The cause of leukemia, as a rule, are chromosomal aberrations, i.e. changes in the structure of chromosomes as a result of various processes of rearrangement of their structure: translocation, deletion, inversion, fragmentation.

According to the traditional classification, all leukemias are divided into acute (AL) and chronic (CL). This division is associated with the different ability of these tumors to differentiate proliferating cells.

In the case of acute leukemia, differentiation is practically absent, a huge number of immature, non-functional blast cells accumulate in the blood, which leads to inhibition of the normal hematopoiesis of all germs. These signs are detected in the blood in more than 80% of cases. Chronic leukemia (leukemia) produces a population of differentiated cells, traditionally granulocytic, gradually replacing normal peripheral blood cells.

Acute leukemias are usually divided into lymphoblastic and myeloblastic.

Acute lymphoblastic leukemia (ALL) most often develops from precursors of B-lymphocytes (within 75% of cases). There are also B-ALL and T-ALL. Cytogenetically, the presence of the Philadelphia chromosome matters.

Acute myeloid leukemia (acute myeloid leukemia) is often referred to as “non-lymphoblastic leukemia” to emphasize its diversity and difference from ALL, as blasts with all this can be of granulocytic, erythrocyte and even platelet origin. Acute non-lymphoblastic leukemia is histologically classified with the letter M followed by numbers from 0 to 7, for example, M7 is acute megakaryoblastic leukemia.

Chronic leukemia in children is quite rare and is also a heterogeneous group of diseases:

  • chronic lymphocytic leukemia is characterized by the proliferation of small lymphocytes in the bone marrow, peripheral blood, as well as lymph nodes, spleen and liver;
  • chronic myeloid leukemia (CML) is characterized by stem cell proliferation, which is often accompanied not only by an increase in the number of granulocyte precursors, but also by erythrocytes and platelets. A distinctive feature is the cytogenetic feature – the presence of the Philadelphia chromosome, as well as the phase of the disease. Distinguish a slow phase, an acceleration phase and a final phase of a disease;
  • hairy cell leukemia is characterized by the proliferation of well-differentiated B-lymphocytes with the development of pancytopenia and splenomegaly. The disease is characteristic of the elderly and more often in males.

Leukemia is diagnosed by a combination of blood and bone marrow tests.

When diagnosing, it is not the clinical picture that is decisive, but the cytogenetics, morphology and immunology of the detected blasts. Not only the final diagnosis, but also the prognosis, treatment and outcome of the disease will depend on the parameters detected with all this.

The prognosis for leukemia is generally more favorable in childhood (1–9 years), it also depends on the type of pathology, the type of cells and the periods of detection of the disease.

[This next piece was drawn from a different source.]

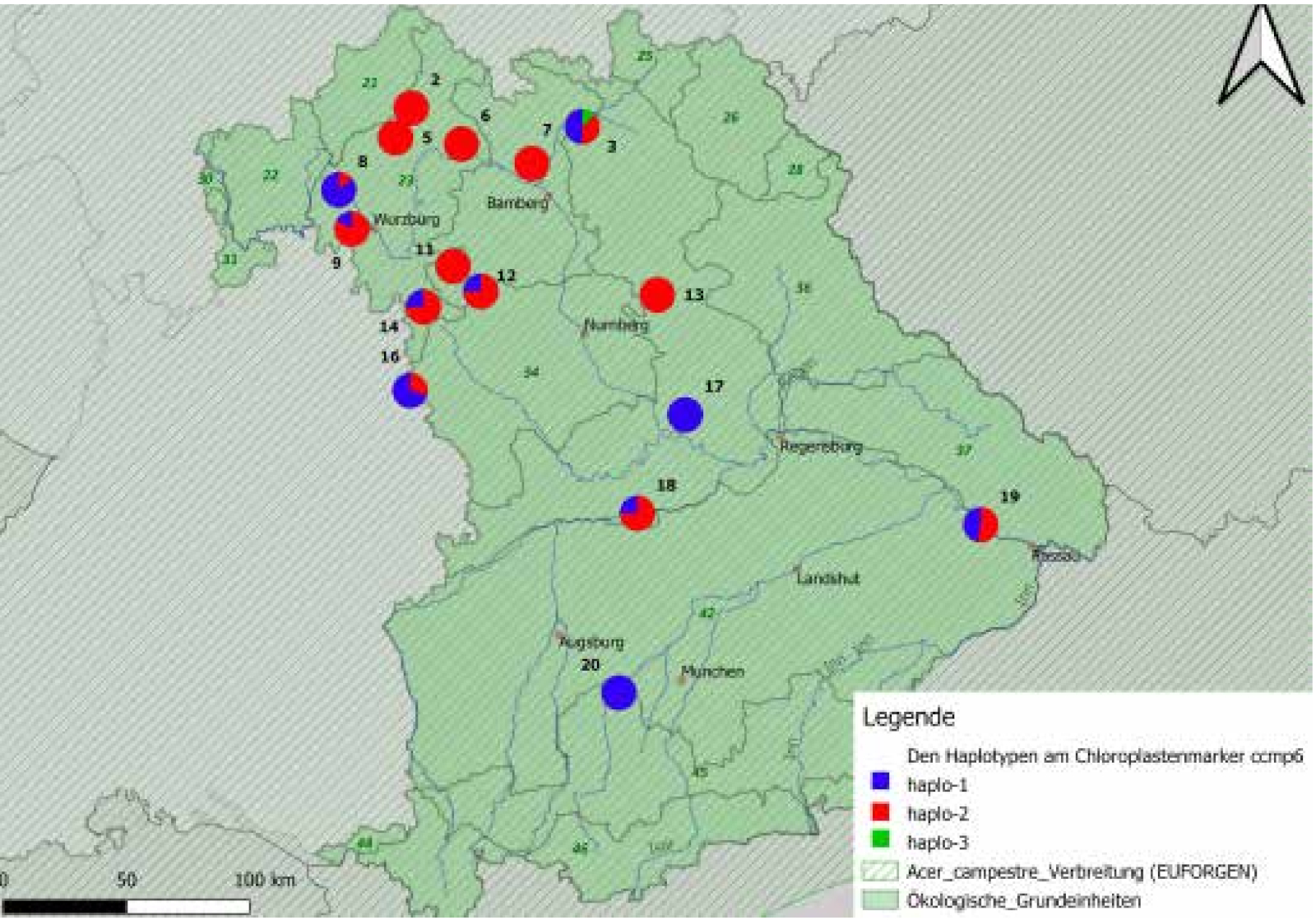 Studien zur genetischen Variation an mütterlich vererbten Chloroplastenmarkern über ganz Europa zeigen eine verhältnismäßig geringe genetische Variation. Einzelne Haplotypen dominieren dabei die Populationen. In Süddeutschland kommt es zur Vermischung von mehreren Haplotypen und damit zu einer vergleichsweise hohen genetischen Vielfalt. Ein ähnliches Bild war in den untersuchten bayerischen Feldahornbeständen zu finden. So wurden anhand des Markers ccmp6 insgesamt drei verschiedene Haplotypen gefunden (Abb. 5). Dabei überwiegen zwei Haplotypen (rot und blau), die, teilweise gemischt und teilweise einzeln in den Beständen auftretend, zufällig über das Untersuchungsgebiet verteilt sind. Bei einer Population (3-Klosterlangheim) kommt noch ein zusätzlicher Haplotyp (grün) vor. Bei Betrachtung der Ergebnisse aus beiden Markertypen kann für Bayern keine räumlich genetische Struktur abgeleitet werden. Daher wird für Bayern ein Herkunftsgebiet vorgeschlagen.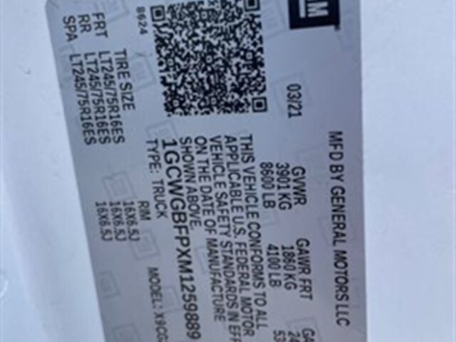 INSTALLED FEATURES: Front air conditioning, Front air conditioning zones: single, Airbag deactivation: passenger switch, Front airbags: dual, Side airbags: front, Side curtain airbags: front, Antenna type: mast, Auxiliary audio input: jack, Radio: AM/FM, Total speakers: 2, ABS: 4-wheel, Electronic brakeforce distribution, Front brake diameter: 12.8, Front brake type: ventilated disc, Front brake width: 1.5, Power brakes, Rear brake diameter: 13.0, Rear brake type: ventilated disc, Rear brake width: 1.14, Armrests: front center, Floor material: rubber/vinyl, Steering wheel trim: urethane, Assist handle: front, Cargo area light, Cupholders: front / 3, Power outlet(s): 115V front / 12V front, Power steering, Reading lights: front, Storage: cargo tie-down anchors and hooks / door pockets / in dash, Sun visors, Axle ratio: 3.42, Alternator: 105 amps, Auxiliary oil cooler, Battery: maintenance-free, Battery rating: 600 CCA, Battery saver, Bumper detail: rear step, Door handle color: black, Exhaust tip color: stainless steel, Front bumper color: black, Grille color: black, License plate bracket: front, Mirror color: black, Rear bumper color: black, Rear trunk/liftgate: barn, Side door type: passenger-side hinged swing-out, Window trim: black, Clock, Digital odometer, Fuel economy display: MPG / range, Gauge: oil pressure / tachometer, Multi-function display, Powertrain hour meter, Trip odometer, Warnings and reminders: low fuel level / maintenance due, Daytime running lights, Headlights: auto on/off / halogen, Side mirror adjustments: manual / manual folding, OEM roof height: undefined, Camera system: rearview, Child seat anchors, Rearview monitor: in mirror, Front seatbelts: 3-point, Seatbelt pretensioners: front, Driver seat manual adjustments: reclining / 4, Front headrests: integrated / 2, Front seat type: bucket, Passenger seat manual adjustments: reclining / 4, Upholstery: vinyl, Anti-theft system: alarm / vehicle immobilizer, Power door locks: anti-lockout, Hill holder control, Stability control, Traction control, Steering ratio: 17.2, Turns lock-to-lock: 3.0, Front shock type: gas, Front spring type: coil, Front stabilizer bar: diameter 35 mm, Front suspension classification: independent, Front suspension type: short and long arm, Rear shock type: gas, Rear spring type: leaf, Rear suspension classification: solid live axle, Rear suspension type: multi-leaf, Driver assistance app: roadside assistance, Satellite communications: OnStar / voice guided directions, Smart device app compatibility: myChevrolet with Connected Access, Smart device app function: maintenance status, Wi-Fi: hotspot, Spare tire mount location: underbody, Spare tire size: full-size matching, Spare wheel type: steel, Tire Pressure Monitoring System, Tire type: all season, Wheel covers: partial, Wheels: steel, Auxiliary transmission fluid cooler, Tow/Haul mode, Front wipers: intermittent, Power windows, Solar-tinted glass: front / rear, Window defogger: side

Chemotherapy is the mainstay of treatment for leukemia. Treatment today is protocol-based, and therefore each type of pathology and its individual features are important for choosing a treatment protocol. In acute leukemia, treatment is based on polychemotherapy. Its efficiency is higher in acute lymphocytic lecosis up to 95%. In acute myeloid leukemia, the effectiveness of chemotherapy exceeds 80%, but it is often accompanied by complications, and a 5-year remission is observed only in 40% of patients, while relapses in ALL are no longer a frequent occurrence. In the treatment of CML, the effectiveness of chemotherapy is not 20-40%.

The best results so far are obtained by allogeneic bone marrow transplantation. Good results are obtained by alpha-interferon therapy. In recent times, great hopes are placed on products that block the tyrosine kinase activity of the Bcr-Abl protein, for example, the product STI-571. It is believed that such products can be used for maintenance monotherapy, ie. for the prevention of blast crises. In general, leukemia therapy must be carried out in a specialized department, with the likelihood of using the most modern and effective treatment, which guarantees both a high probability of complete remission and complete recovery after the entire complex of therapeutic measures.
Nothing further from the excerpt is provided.